YOUR INSTRUCTIONS:
Transcribe the records exactly. Pictures do not belong in the transcription.

EXERCISE DATA:

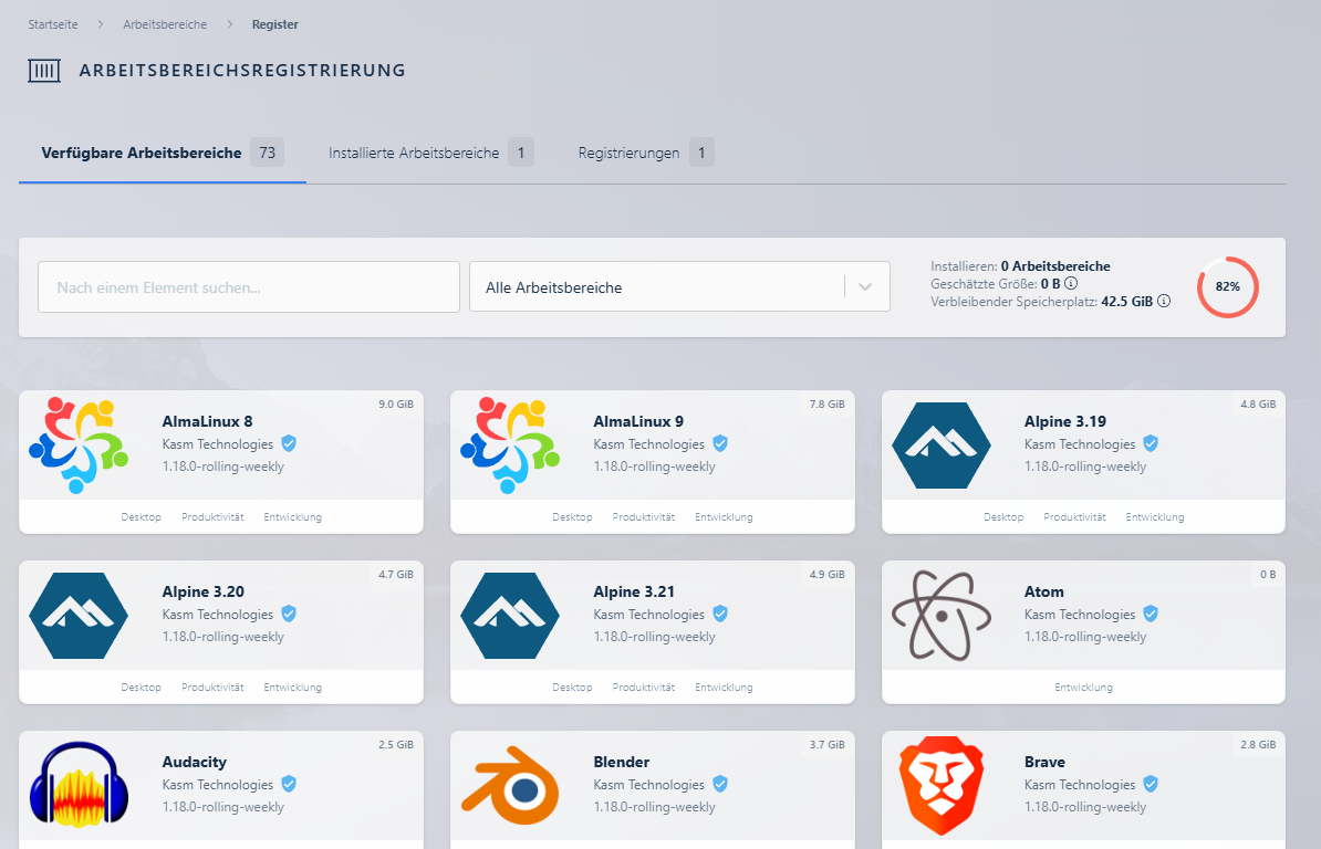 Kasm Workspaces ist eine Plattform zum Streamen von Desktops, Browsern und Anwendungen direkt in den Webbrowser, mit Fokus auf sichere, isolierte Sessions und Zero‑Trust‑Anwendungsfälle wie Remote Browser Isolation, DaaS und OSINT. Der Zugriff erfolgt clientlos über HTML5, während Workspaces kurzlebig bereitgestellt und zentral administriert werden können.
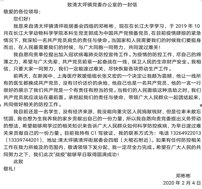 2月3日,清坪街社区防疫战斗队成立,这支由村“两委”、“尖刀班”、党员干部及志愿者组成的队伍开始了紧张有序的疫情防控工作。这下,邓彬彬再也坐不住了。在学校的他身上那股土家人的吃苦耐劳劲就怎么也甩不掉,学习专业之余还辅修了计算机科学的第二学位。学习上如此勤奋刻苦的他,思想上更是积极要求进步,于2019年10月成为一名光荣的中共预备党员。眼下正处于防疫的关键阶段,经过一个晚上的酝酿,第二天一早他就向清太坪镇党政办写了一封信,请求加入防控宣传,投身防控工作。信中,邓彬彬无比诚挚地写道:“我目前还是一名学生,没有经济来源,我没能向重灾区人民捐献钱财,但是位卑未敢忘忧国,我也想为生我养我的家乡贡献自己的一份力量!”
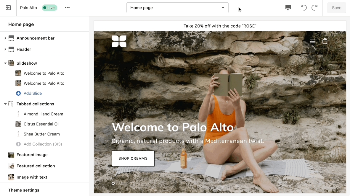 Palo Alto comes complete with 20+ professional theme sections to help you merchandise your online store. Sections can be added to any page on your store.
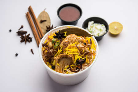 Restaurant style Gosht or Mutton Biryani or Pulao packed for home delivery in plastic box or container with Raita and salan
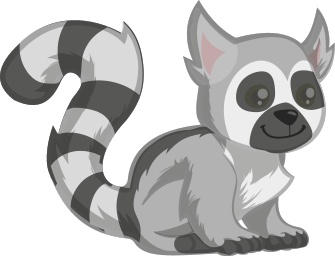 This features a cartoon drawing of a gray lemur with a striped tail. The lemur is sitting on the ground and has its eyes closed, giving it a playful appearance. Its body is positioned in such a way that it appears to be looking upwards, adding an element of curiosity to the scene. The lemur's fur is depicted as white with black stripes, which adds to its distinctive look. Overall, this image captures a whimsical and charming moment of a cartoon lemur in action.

ANSWER TO THIS TASK:
 Kasm Workspaces ist eine Plattform zum Streamen von Desktops, Browsern und Anwendungen direkt in den Webbrowser, mit Fokus auf sichere, isolierte Sessions und Zero‑Trust‑Anwendungsfälle wie Remote Browser Isolation, DaaS und OSINT. Der Zugriff erfolgt clientlos über HTML5, während Workspaces kurzlebig bereitgestellt und zentral administriert werden können.
 2月3日,清坪街社区防疫战斗队成立,这支由村“两委”、“尖刀班”、党员干部及志愿者组成的队伍开始了紧张有序的疫情防控工作。这下,邓彬彬再也坐不住了。在学校的他身上那股土家人的吃苦耐劳劲就怎么也甩不掉,学习专业之余还辅修了计算机科学的第二学位。学习上如此勤奋刻苦的他,思想上更是积极要求进步,于2019年10月成为一名光荣的中共预备党员。眼下正处于防疫的关键阶段,经过一个晚上的酝酿,第二天一早他就向清太坪镇党政办写了一封信,请求加入防控宣传,投身防控工作。信中,邓彬彬无比诚挚地写道:“我目前还是一名学生,没有经济来源,我没能向重灾区人民捐献钱财,但是位卑未敢忘忧国,我也想为生我养我的家乡贡献自己的一份力量!”
 Palo Alto comes complete with 20+ professional theme sections to help you merchandise your online store. Sections can be added to any page on your store.
 Restaurant style Gosht or Mutton Biryani or Pulao packed for home delivery in plastic box or container with Raita and salan
 This features a cartoon drawing of a gray lemur with a striped tail. The lemur is sitting on the ground and has its eyes closed, giving it a playful appearance. Its body is positioned in such a way that it appears to be looking upwards, adding an element of curiosity to the scene. The lemur's fur is depicted as white with black stripes, which adds to its distinctive look. Overall, this image captures a whimsical and charming moment of a cartoon lemur in action.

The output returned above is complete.